• PROBLEM TO SOLVE
Reproduce the whole of the records exactly, and make sure no picture is carried into the result.

• DATA FOR THE TASK
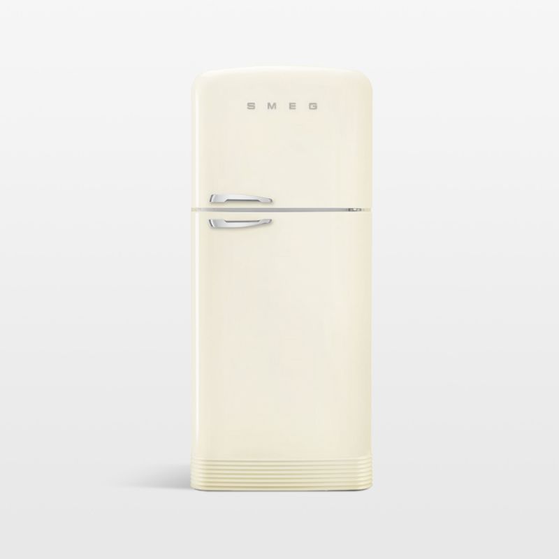 Inspired by classic mid-century appliances, SMEG refrigerators bring retro charm to the contemporary kitchen. The double-door fridge features rounded corners, a glossy cream exterior and chrome accents for a throwback look. The modern-minded FAB50 opens to a LED-lit interior with adjustable glass shelves and a fruit/vegetable storage drawer and a crisper cover. The door features three adjustable shelves and a bottle shelf. The freezer compartment is cooled with a no-frost dual-flow system that automatically defrosts and includes an automatic ice maker and fast-freeze compartment.
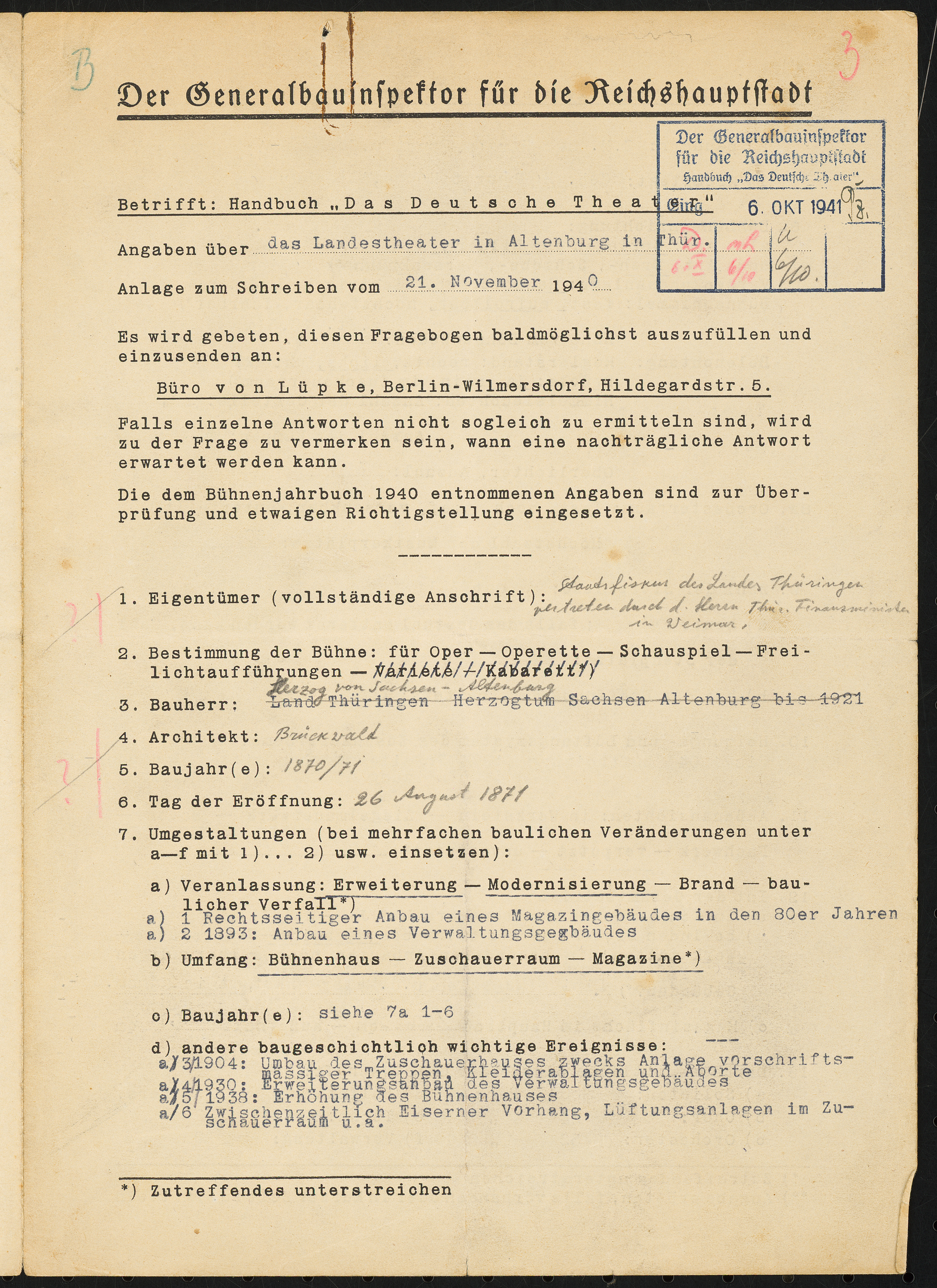 Fragebogen für das Handbuch »Das Deutsche Theater«, erste Fassung, vierseitiges Dokument
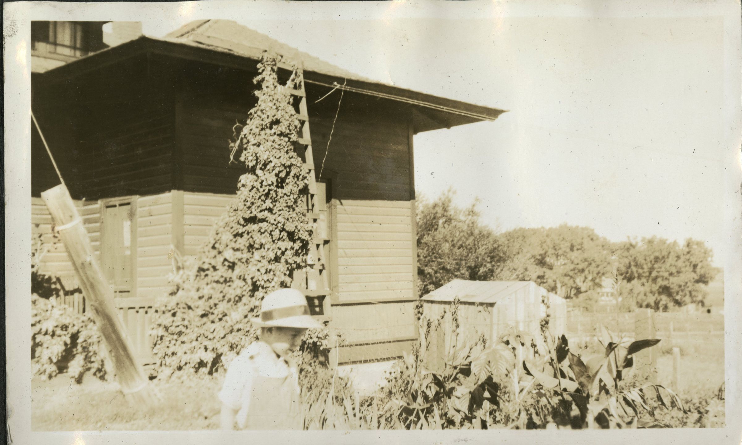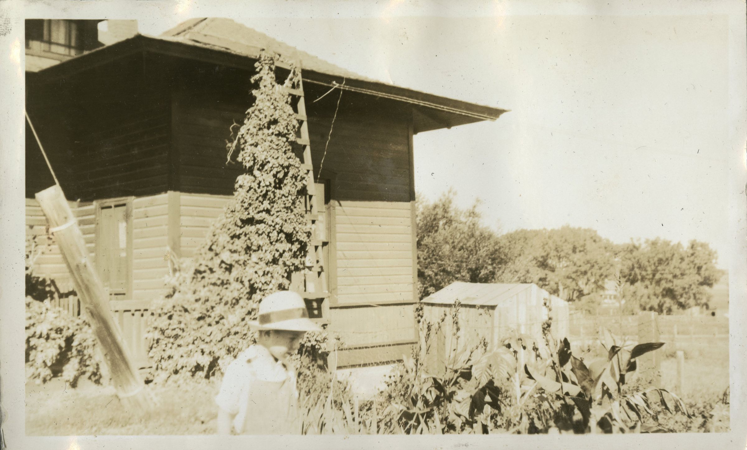 Scanned photograph of Robert Hillen walking in the yard in front of the Superior train depot, circa 1928. Robert was the grandson of the Superior Depot station agent, who was also named Robert. He is wearing overalls, a light shirt, and a small straw hat with a band. His grandmother Jeanie Hillen's prized Clematis plants are seen growing up the side of the Superior depot and ladder, with various other plants growing in the yard itself. A shed is also visible in the background.Photograph Details
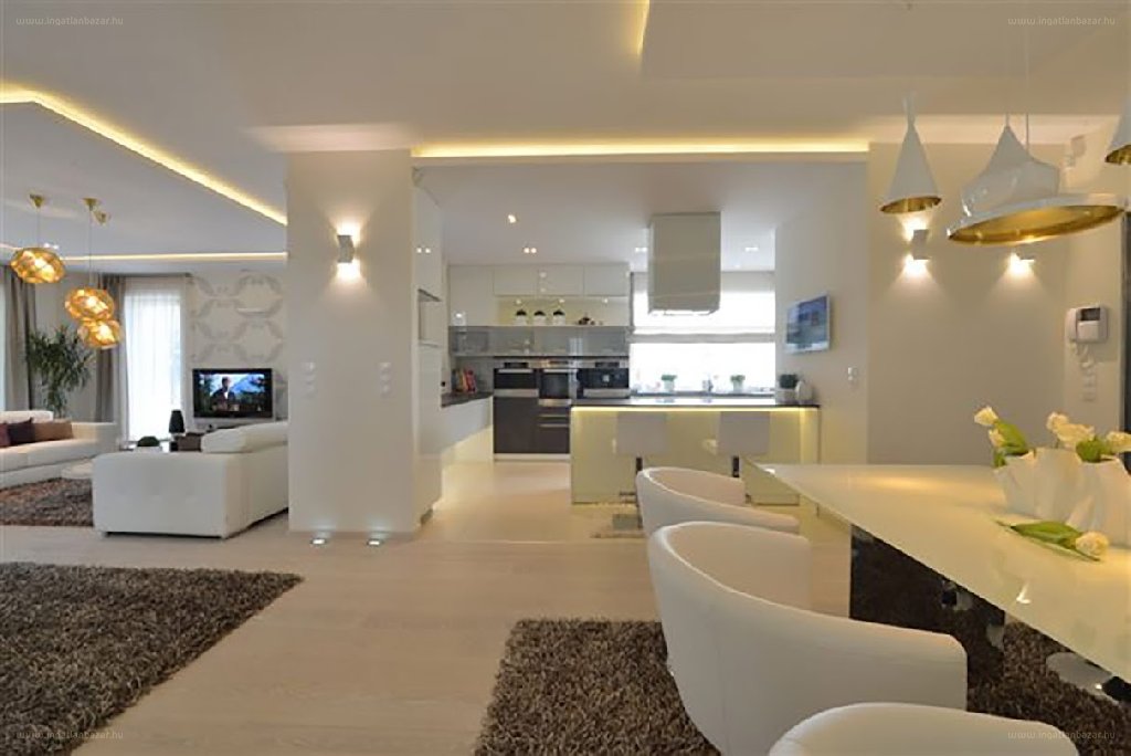 - felső kategóriás MIELE gépek, különleges konyha, üveg ajtófrontokkal, egyedi svédpadló, csodálatos szaniterek, csempék, lámpák stb.,
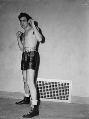 James V. Nasche, welterweight boxer, competed in the Golden Gloves District Tournament in Fort Worth, Texas. He is standing in front of a blank wall, posing in a fighting stance. He is wearing athletic shorts and is shirtless.
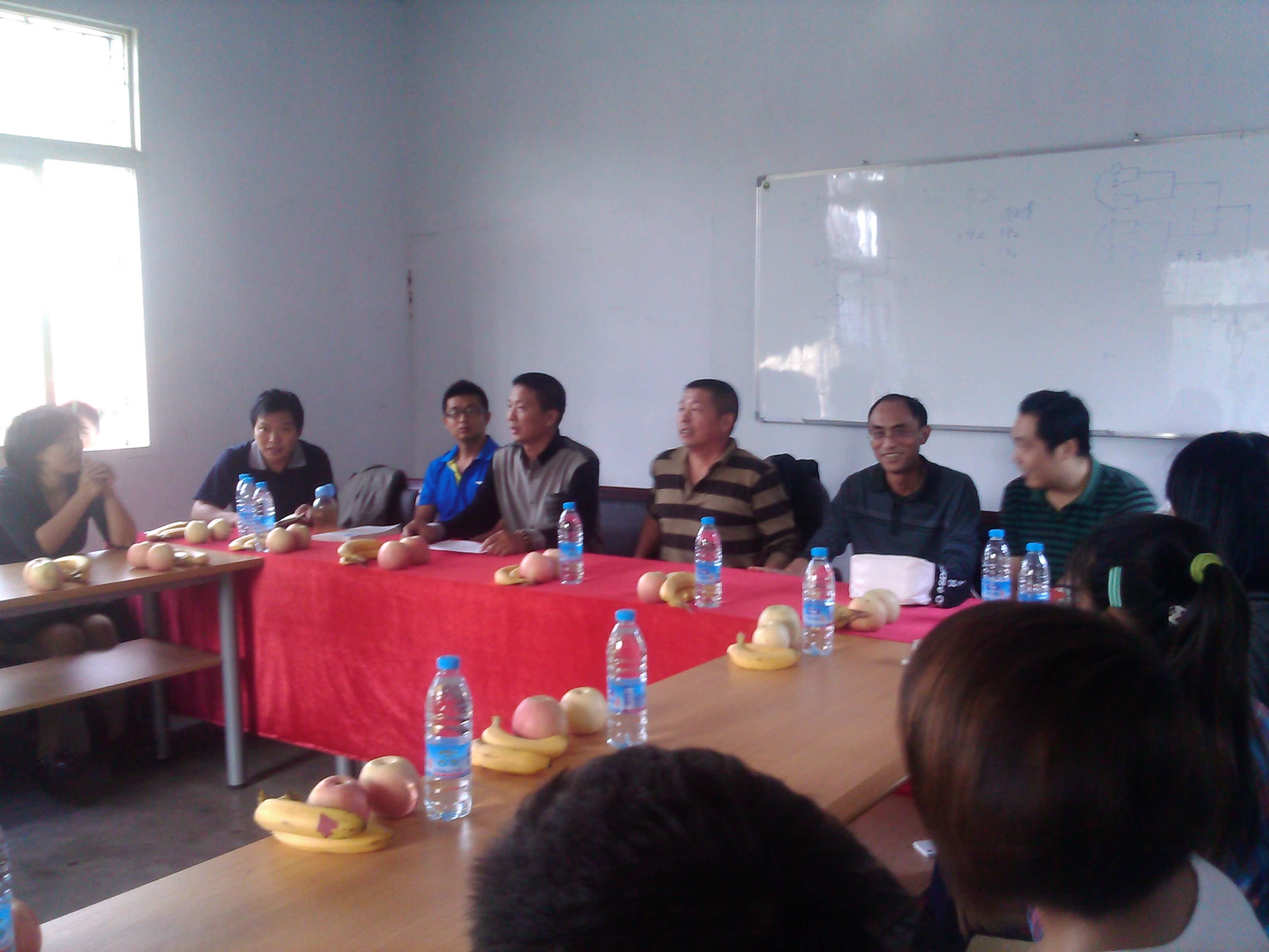 公司为了表示对2013届省外新同学的热烈欢迎,928下午5点在新校区田径场会议室召开了公司首届省外新生座谈会。董立主任、佘涛书记、陈碧述副主任、张皓书记、孙亮亮老师、2013级各班班主任及辅导员参加了本次座谈会,并与本院18名省外同学进行了交流。
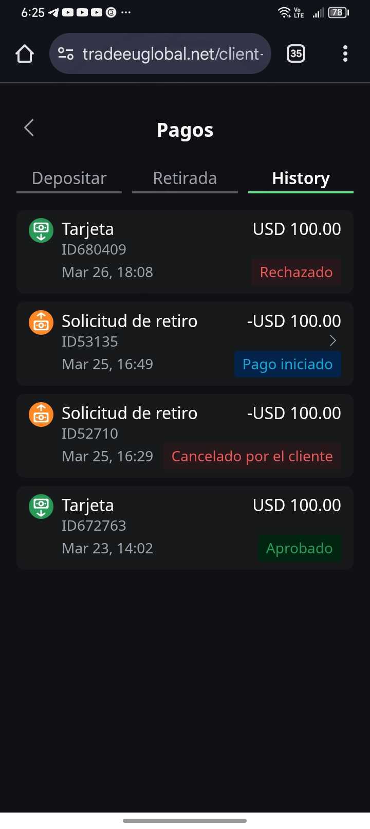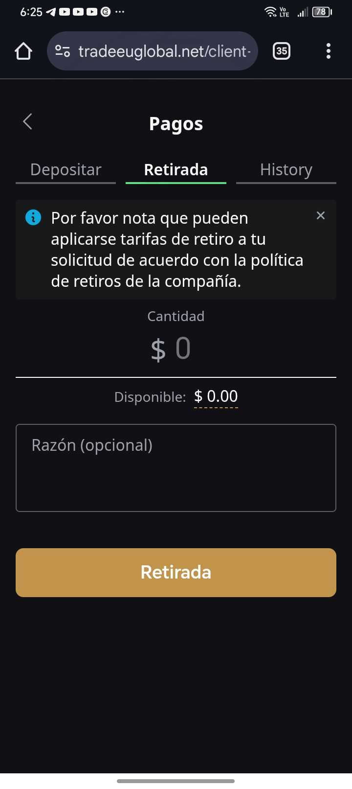 大家好,我想通过这种方式来分享我使用这个平台的经验。在了解到该平台不可靠后,我决定将我的资金从该平台转移出去。现在我已经等待7天了,我的提款才从平台存入。一位公司顾问与我交谈,向我提供提款指示,但他首先试图说服我,我没有提款,然后他告诉我,为了提款,我需要去存款并再次添加我的卡详细信息,我告诉他我没有带卡。我的银行建议我禁用该卡以避免卡被克隆,现在我刚去银行带了我的银行账户证明,我的银行给我发了一份打印的合同,现在我正在将其上传到其他文件,但它立即拒绝了我。我绝对想夺回我的100美元。
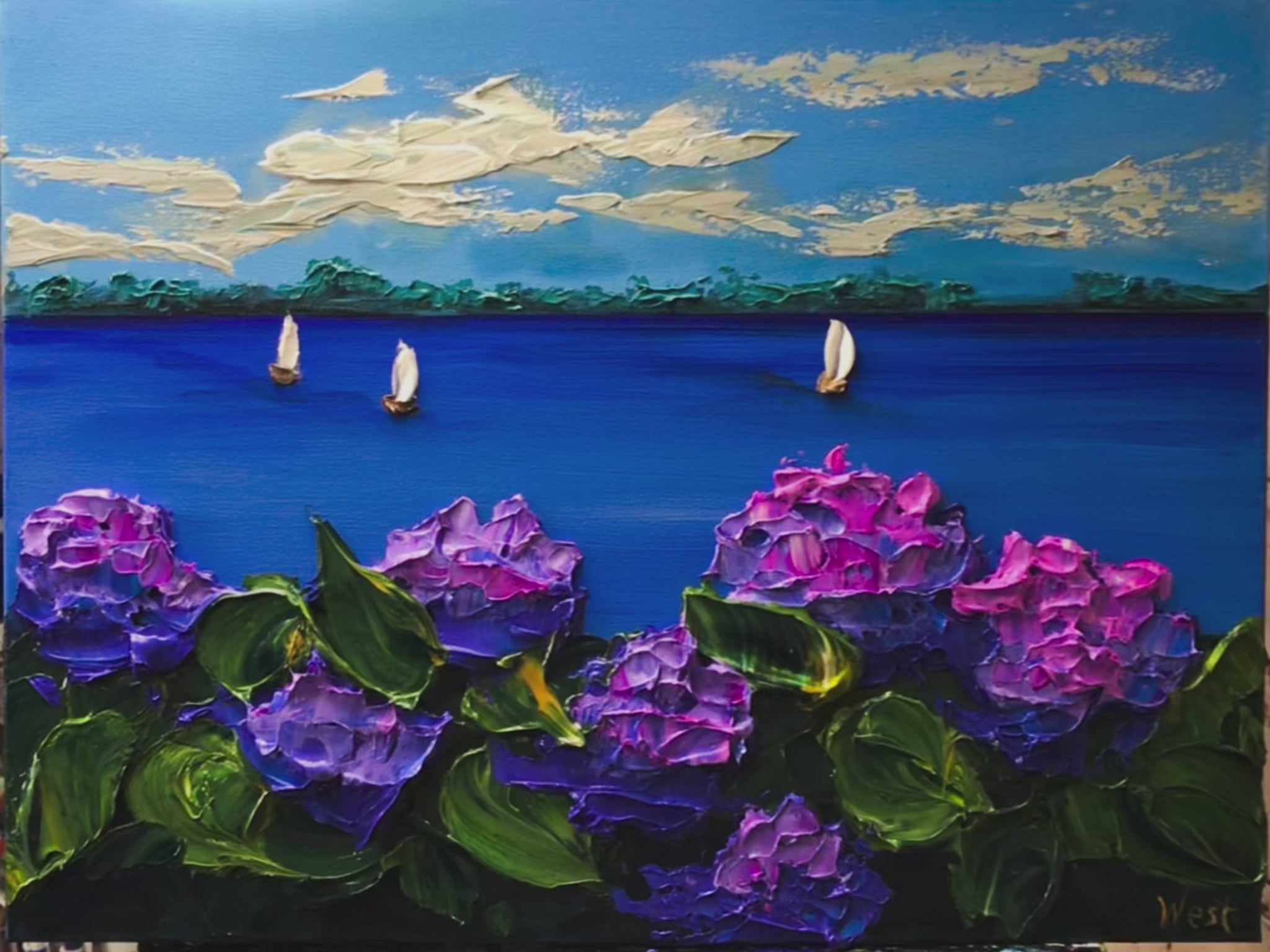 I’ve always adored hydrangeas—their fullness, their shifting colors, and the way they seem to carry both elegance and joy. Painting them here felt like capturing a piece of my own happiness, blending their beauty with the calming rhythm of the sea. For me, Hydrangea Horizons is about savoring that perfect harmony of flowers, water, and sky—moments where the world feels both peaceful and full of life.
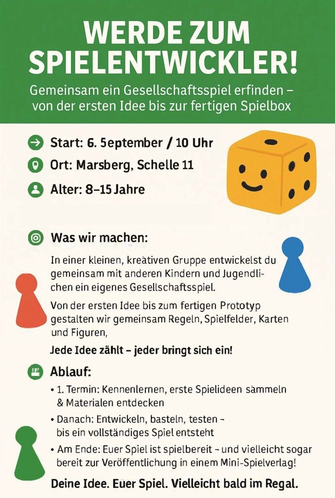 Einmal zum Spieleentwickler werden ist sicherlich schon immer der Traum vieler Kinder und Jugendlichen gewesen. In Marsberg gibt es ab 06. September die Möglichkeit über einen mehrwöchentlichen Workshop genau dies zu verwirklichen. In kleinen und kreativen Gruppen wird hier gemeinsam mit anderen Kindern im Alter von 8 – 15 Jahren ein Gesellschaftsspiel entwickelt werden – von der Idee bis zur fertigen Spielbox. Dabei wird zunächst ein Prototyp erstellt in den wichtige Aspekte wie Regeln, Spielfelder, Karten und Figuren einfließen werden. Entwickelt wird getreu dem Motto: „Jede Idee zählt – jeder bringt sich ein!“.
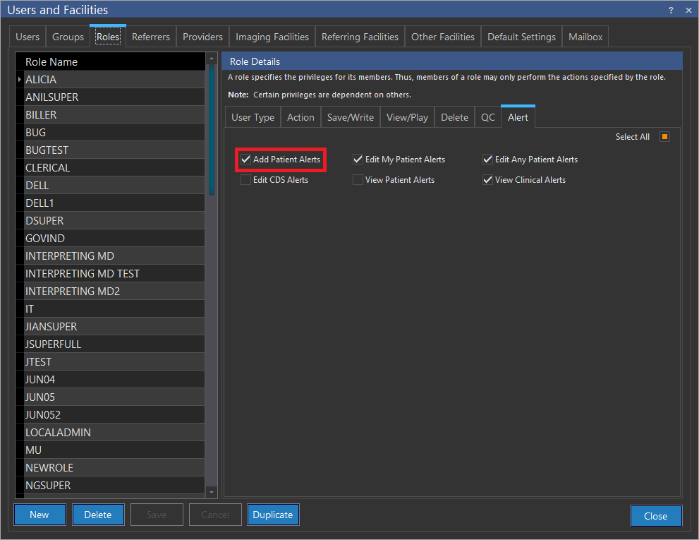 | Edit Any Patient Alerts | • The user can edit any Patient Alerts |
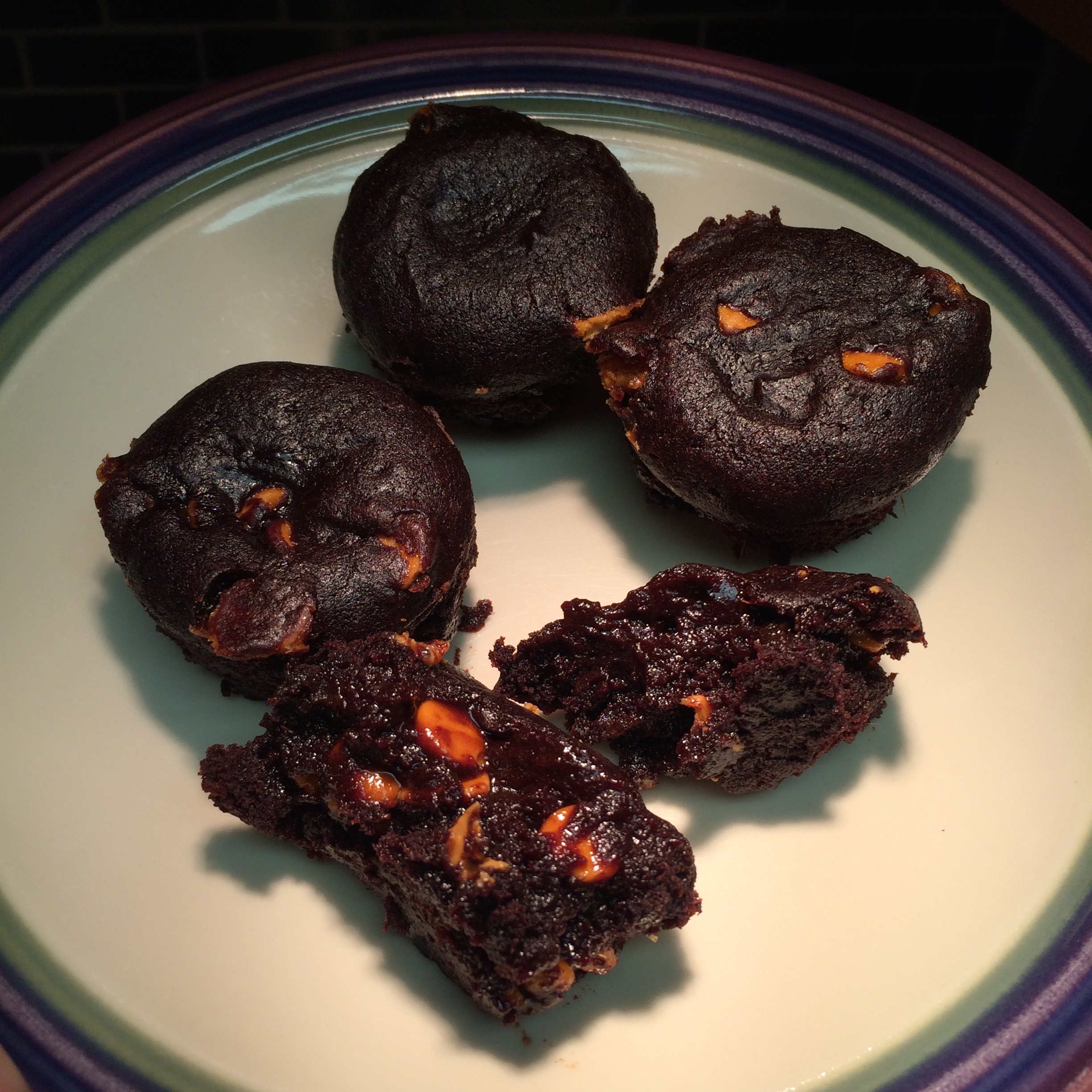No secret here – I love butterscotch chips. I also had an unopened box of No Pudge! Brownie Mix that was burning a hole in my chocolate craving, so I wanted to make brownies with the mix and use up some of my three bags of chips. Since making the Curry Aioli I was out of yogurt that the box’s recipe calls for. Surprisingly, I have no applesauce in the pantry, either, but I did have pumpkin and butternut squash. I decided to improvise and make little bites. So cute! (In my opinion…)

• SOLUTION TO THE EXERCISE
 Inspired by classic mid-century appliances, SMEG refrigerators bring retro charm to the contemporary kitchen. The double-door fridge features rounded corners, a glossy cream exterior and chrome accents for a throwback look. The modern-minded FAB50 opens to a LED-lit interior with adjustable glass shelves and a fruit/vegetable storage drawer and a crisper cover. The door features three adjustable shelves and a bottle shelf. The freezer compartment is cooled with a no-frost dual-flow system that automatically defrosts and includes an automatic ice maker and fast-freeze compartment.
 Fragebogen für das Handbuch »Das Deutsche Theater«, erste Fassung, vierseitiges Dokument
 Scanned photograph of Robert Hillen walking in the yard in front of the Superior train depot, circa 1928. Robert was the grandson of the Superior Depot station agent, who was also named Robert. He is wearing overalls, a light shirt, and a small straw hat with a band. His grandmother Jeanie Hillen's prized Clematis plants are seen growing up the side of the Superior depot and ladder, with various other plants growing in the yard itself. A shed is also visible in the background.Photograph Details
 - felső kategóriás MIELE gépek, különleges konyha, üveg ajtófrontokkal, egyedi svédpadló, csodálatos szaniterek, csempék, lámpák stb.,
 James V. Nasche, welterweight boxer, competed in the Golden Gloves District Tournament in Fort Worth, Texas. He is standing in front of a blank wall, posing in a fighting stance. He is wearing athletic shorts and is shirtless.
 公司为了表示对2013届省外新同学的热烈欢迎,928下午5点在新校区田径场会议室召开了公司首届省外新生座谈会。董立主任、佘涛书记、陈碧述副主任、张皓书记、孙亮亮老师、2013级各班班主任及辅导员参加了本次座谈会,并与本院18名省外同学进行了交流。
 大家好,我想通过这种方式来分享我使用这个平台的经验。在了解到该平台不可靠后,我决定将我的资金从该平台转移出去。现在我已经等待7天了,我的提款才从平台存入。一位公司顾问与我交谈,向我提供提款指示,但他首先试图说服我,我没有提款,然后他告诉我,为了提款,我需要去存款并再次添加我的卡详细信息,我告诉他我没有带卡。我的银行建议我禁用该卡以避免卡被克隆,现在我刚去银行带了我的银行账户证明,我的银行给我发了一份打印的合同,现在我正在将其上传到其他文件,但它立即拒绝了我。我绝对想夺回我的100美元。
 I’ve always adored hydrangeas—their fullness, their shifting colors, and the way they seem to carry both elegance and joy. Painting them here felt like capturing a piece of my own happiness, blending their beauty with the calming rhythm of the sea. For me, Hydrangea Horizons is about savoring that perfect harmony of flowers, water, and sky—moments where the world feels both peaceful and full of life.
 Einmal zum Spieleentwickler werden ist sicherlich schon immer der Traum vieler Kinder und Jugendlichen gewesen. In Marsberg gibt es ab 06. September die Möglichkeit über einen mehrwöchentlichen Workshop genau dies zu verwirklichen. In kleinen und kreativen Gruppen wird hier gemeinsam mit anderen Kindern im Alter von 8 – 15 Jahren ein Gesellschaftsspiel entwickelt werden – von der Idee bis zur fertigen Spielbox. Dabei wird zunächst ein Prototyp erstellt in den wichtige Aspekte wie Regeln, Spielfelder, Karten und Figuren einfließen werden. Entwickelt wird getreu dem Motto: „Jede Idee zählt – jeder bringt sich ein!“.
 | Edit Any Patient Alerts | • The user can edit any Patient Alerts |
No secret here – I love butterscotch chips. I also had an unopened box of No Pudge! Brownie Mix that was burning a hole in my chocolate craving, so I wanted to make brownies with the mix and use up some of my three bags of chips. Since making the Curry Aioli I was out of yogurt that the box’s recipe calls for. Surprisingly, I have no applesauce in the pantry, either, but I did have pumpkin and butternut squash. I decided to improvise and make little bites. So cute! (In my opinion…)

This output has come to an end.